Start of Block

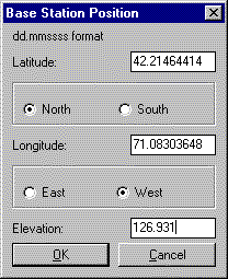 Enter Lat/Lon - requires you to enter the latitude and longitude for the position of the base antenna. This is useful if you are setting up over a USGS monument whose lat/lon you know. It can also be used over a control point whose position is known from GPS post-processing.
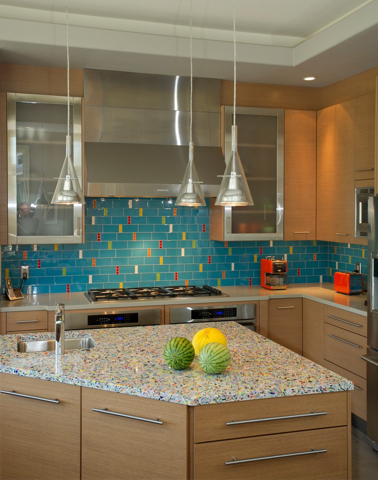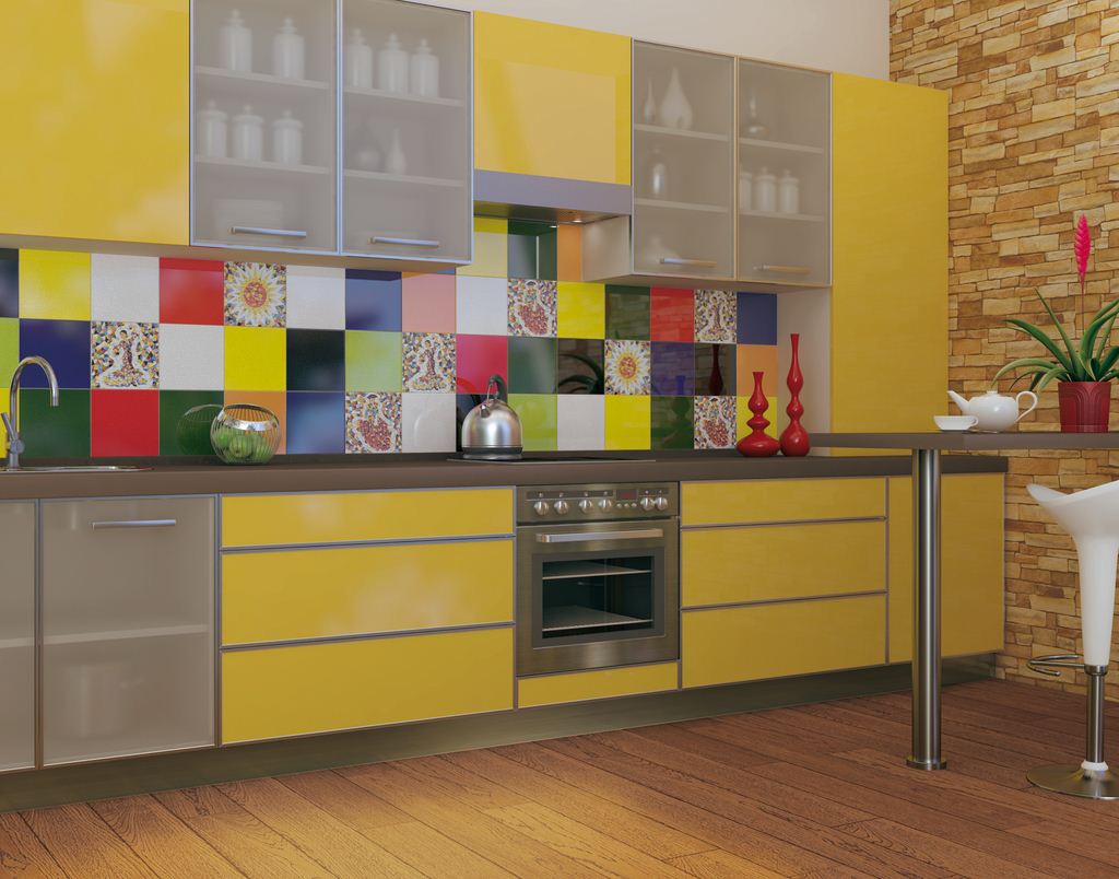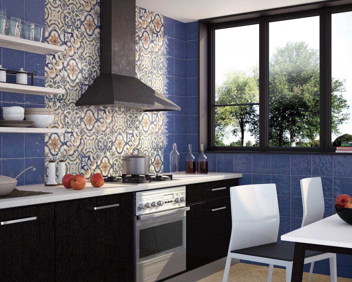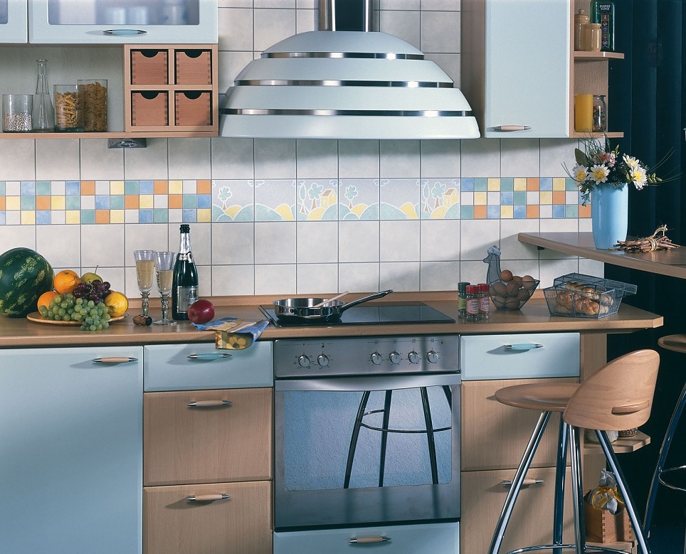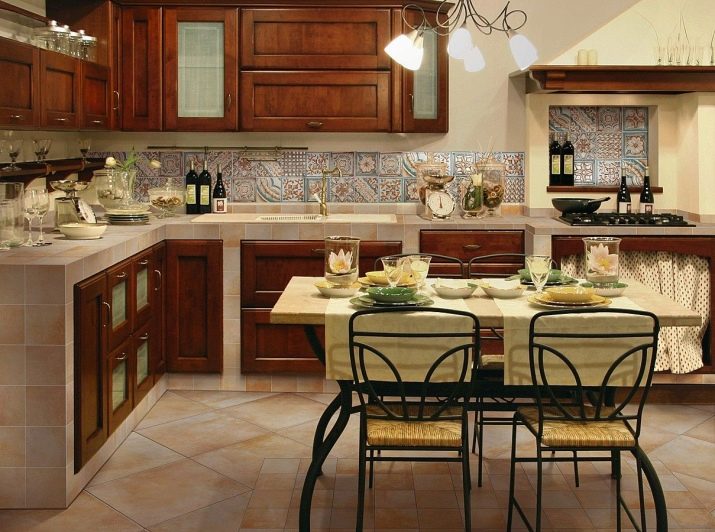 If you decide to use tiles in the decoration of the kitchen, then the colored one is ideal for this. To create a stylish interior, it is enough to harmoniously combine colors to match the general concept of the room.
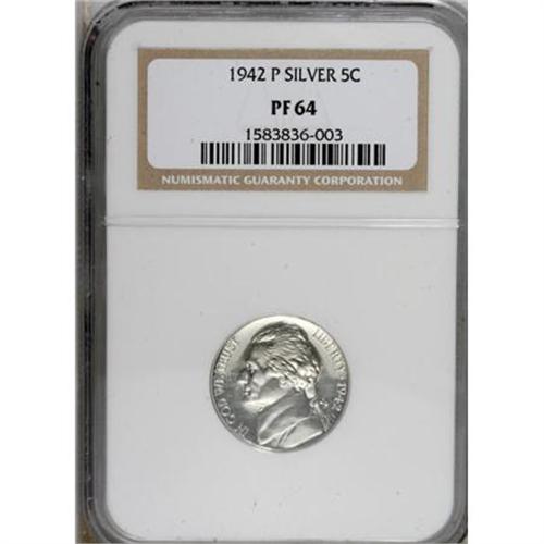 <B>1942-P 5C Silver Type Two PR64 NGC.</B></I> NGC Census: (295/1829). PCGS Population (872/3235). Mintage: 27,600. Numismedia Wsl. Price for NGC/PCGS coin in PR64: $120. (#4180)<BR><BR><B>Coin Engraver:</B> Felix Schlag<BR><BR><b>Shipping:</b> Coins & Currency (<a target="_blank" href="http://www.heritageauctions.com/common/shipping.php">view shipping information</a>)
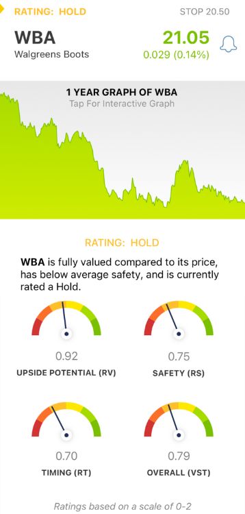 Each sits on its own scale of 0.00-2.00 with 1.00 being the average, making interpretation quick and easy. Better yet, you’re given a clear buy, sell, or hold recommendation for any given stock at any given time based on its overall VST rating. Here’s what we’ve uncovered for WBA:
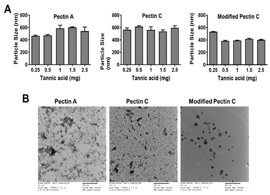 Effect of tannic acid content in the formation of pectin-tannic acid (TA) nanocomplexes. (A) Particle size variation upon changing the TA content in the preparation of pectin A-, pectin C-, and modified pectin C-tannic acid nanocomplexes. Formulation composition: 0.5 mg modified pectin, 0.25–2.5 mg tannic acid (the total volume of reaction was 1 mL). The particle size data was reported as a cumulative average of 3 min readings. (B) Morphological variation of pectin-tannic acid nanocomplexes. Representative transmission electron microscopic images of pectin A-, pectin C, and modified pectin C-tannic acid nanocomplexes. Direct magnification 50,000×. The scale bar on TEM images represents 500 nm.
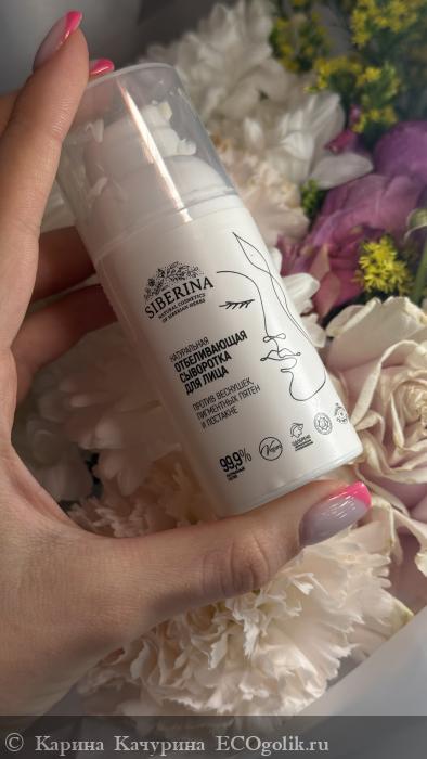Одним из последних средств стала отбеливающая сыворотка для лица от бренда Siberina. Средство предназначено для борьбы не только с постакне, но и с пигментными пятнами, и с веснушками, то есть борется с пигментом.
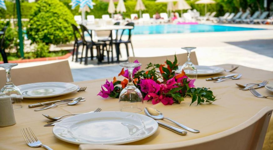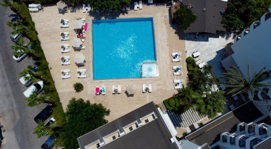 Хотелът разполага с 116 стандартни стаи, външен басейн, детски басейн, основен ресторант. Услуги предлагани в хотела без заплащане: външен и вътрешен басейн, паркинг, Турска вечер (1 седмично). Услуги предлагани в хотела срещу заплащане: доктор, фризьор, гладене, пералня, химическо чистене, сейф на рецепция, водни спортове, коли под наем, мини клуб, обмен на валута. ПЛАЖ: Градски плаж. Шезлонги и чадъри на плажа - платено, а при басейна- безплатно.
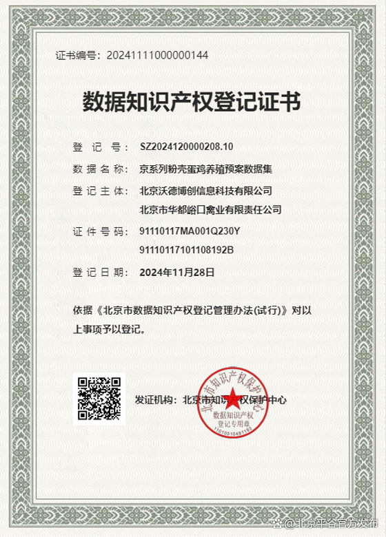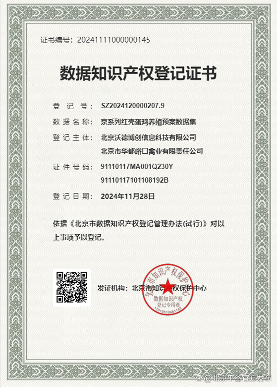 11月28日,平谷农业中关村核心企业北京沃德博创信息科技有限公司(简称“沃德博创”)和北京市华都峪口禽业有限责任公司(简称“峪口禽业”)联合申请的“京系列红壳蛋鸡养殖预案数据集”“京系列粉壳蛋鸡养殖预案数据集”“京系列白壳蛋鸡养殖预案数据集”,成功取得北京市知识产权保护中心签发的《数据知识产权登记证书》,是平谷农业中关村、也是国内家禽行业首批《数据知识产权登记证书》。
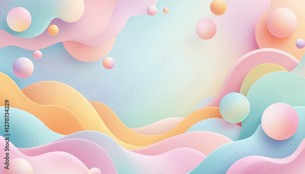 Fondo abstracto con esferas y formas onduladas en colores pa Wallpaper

End of Block

Set the pictures aside and transcribe exactly the stretch of lines above, beginning with the one holding "<B>1942-P 5C Silver" and ending with the one holding "Each sits on".

Answer to the problem =>
 <B>1942-P 5C Silver Type Two PR64 NGC.</B></I> NGC Census: (295/1829). PCGS Population (872/3235). Mintage: 27,600. Numismedia Wsl. Price for NGC/PCGS coin in PR64: $120. (#4180)<BR><BR><B>Coin Engraver:</B> Felix Schlag<BR><BR><b>Shipping:</b> Coins & Currency (<a target="_blank" href="http://www.heritageauctions.com/common/shipping.php">view shipping information</a>)
 Each sits on its own scale of 0.00-2.00 with 1.00 being the average, making interpretation quick and easy. Better yet, you’re given a clear buy, sell, or hold recommendation for any given stock at any given time based on its overall VST rating. Here’s what we’ve uncovered for WBA:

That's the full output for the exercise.